O'Reilly, R. C. McNaughton, B. L.
McCloskey, M. Cohen, N. J.
Caruana, Rich Buciluǎ, Cristian
Niculescu-Mizil, Buciluǎ, Cristian
Niculescu-Mizil, Caruana, Rich
Rigamonti, Robert Fua, Pascal
Rigamonti, Robert Lepetit, Vincent
Sironi, Amos Fua, Pascal
(We use a.author > b.author
to ensure that
each distinct pair of authors only shows up once.)
What if we want to know how often different pairs of people have written together?
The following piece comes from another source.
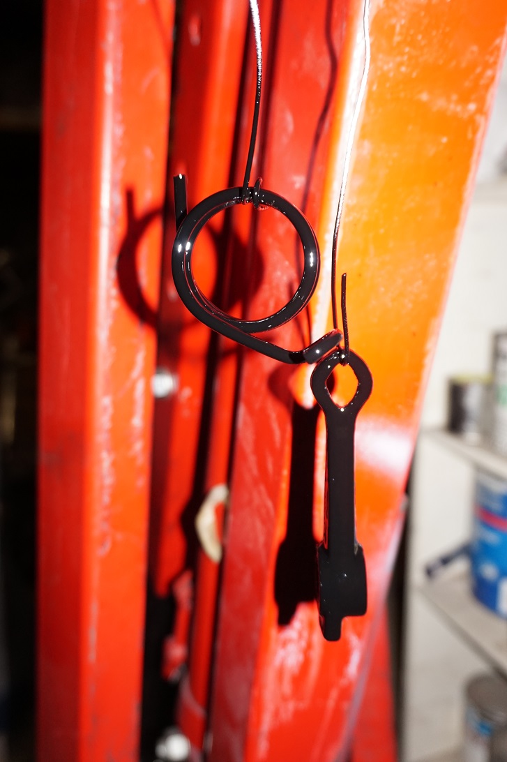 Så igår blåste jag framvagnen med ett par lager klarlack, mellansli... nej skoja bara men klibban fick ett litet lager över sig också, dels för att skyddas dels för att få iaf samma blankhet som resten.

SELECT a.author, b.author, count(*)
FROM key_author a
JOIN key_author b USING(key)
WHERE a.author > b.author
GROUP BY a.author, b.author
ORDER BY count(*) desc
limit 10;
Author Author count(*)
--------------- -------------- ----------
Vincent, Pascal Bengio, Yoshua 27
Roux, Nicolas L Bengio, Yoshua 20
Delalleau, Oliv Bengio, Yoshua 19
Bengio, Y. Bengio, S. 18
Larochelle, Hug Bengio, Yoshua 15
Roux, Nicolas L Delalleau, Oli 15
Vincent, P. Bengio, Y. 15
Chapados, N. Bengio, Y. 14
Gori, M. Frasconi, P. 14
Salakhutdinov, Hinton, Geoffr 14
Again, we have a data normalization problem: the pair “Vincent, Pascal” and “Bengio, Yoshua” is almost certainly the same as the pair “Vincent, P.” and “Bengio, S.” But that problem would be there even if we were analyzing this data manually, and putting it in a database has made asking new questions so easy that we can do research we otherwise wouldn’t have been able to tackle. The final step is to commit our script to Git and celebrate with a nice cup of tea.
Doing Things the Right Way
Rewrite the Python program to use the
sqlite3
library to create the database. And use python to create cleaner input data. What did you have to do to make the data consistent and legible?
Distinct Pairs
Explain why using
a.author > b.author
ensures that distinct pairs of authors only show up once.
Data cleansing
Write a function that takes two authors’ names as input and returns
True
if they are probably the same person andFalse
if they do not. Compare your function to your neighbor’s: can you find a case where the two would disagree?
Key Points
Explain why inferences drawn from uncleaned data are always approximate.